The Three Axes of Scale

Scalable System Architecture | mdsanwarhossain.me — Scalable System Architecture — mdsanwarhossain.me

Before diving into specific patterns, it is important to distinguish the different dimensions of scale. Traffic scale: can the system handle millions of requests per second? Data scale: can the system store and query terabytes or petabytes efficiently? Geographic scale: can the system serve users in multiple regions with low latency? Each axis requires different architectural solutions, and real production systems at Uber/Netflix scale must address all three.
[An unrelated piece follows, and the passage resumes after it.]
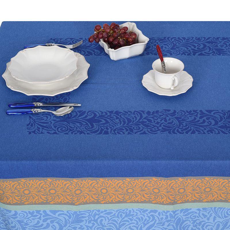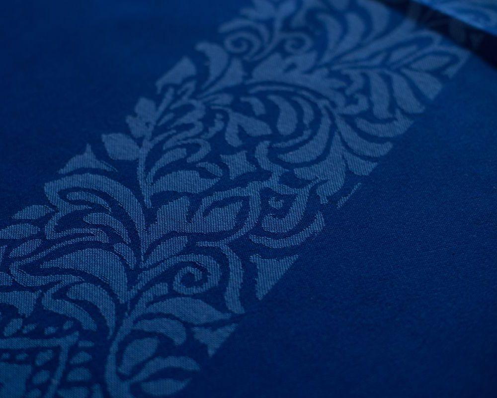 Эффектная скатерть в сине-желтой палитре создана из плотного французского текстиля со сложным фактурным плетением. Текстиль от ведущего французского производителя отвечает строгим требованиям практичности и эстетики.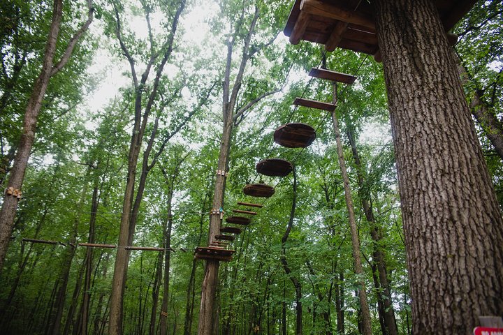 An outdoor ropes and zipline course offering challenging aerial obstacles for older kids and teens.

The common mistake is optimizing for one axis while ignoring others. A horizontally scaled application cluster with a single-region PostgreSQL database is not truly scalable at traffic scale — the database becomes the bottleneck. Thinking systematically about all three axes prevents architectural blind spots.

Capacity Estimation: The Foundation of Scalable Design

Good system design starts with numbers, not patterns. Before choosing technologies, estimate the scale requirements:

Traffic: Daily active users × average requests per user = daily request volume. Assume peak traffic is 2–3× the daily average rate. For Uber, peak occurs at Friday evening — that is your design point, not the average.
Storage: Data generated per event × events per day × retention period. Account for replication (typically 3×) and index overhead (typically 2–3×).
Bandwidth: Average request size × peak requests per second. Estimate for both ingress and egress separately.

These estimates drive hardware sizing decisions and identify the primary bottleneck — is it compute, storage, or network? — which determines where to focus architectural effort.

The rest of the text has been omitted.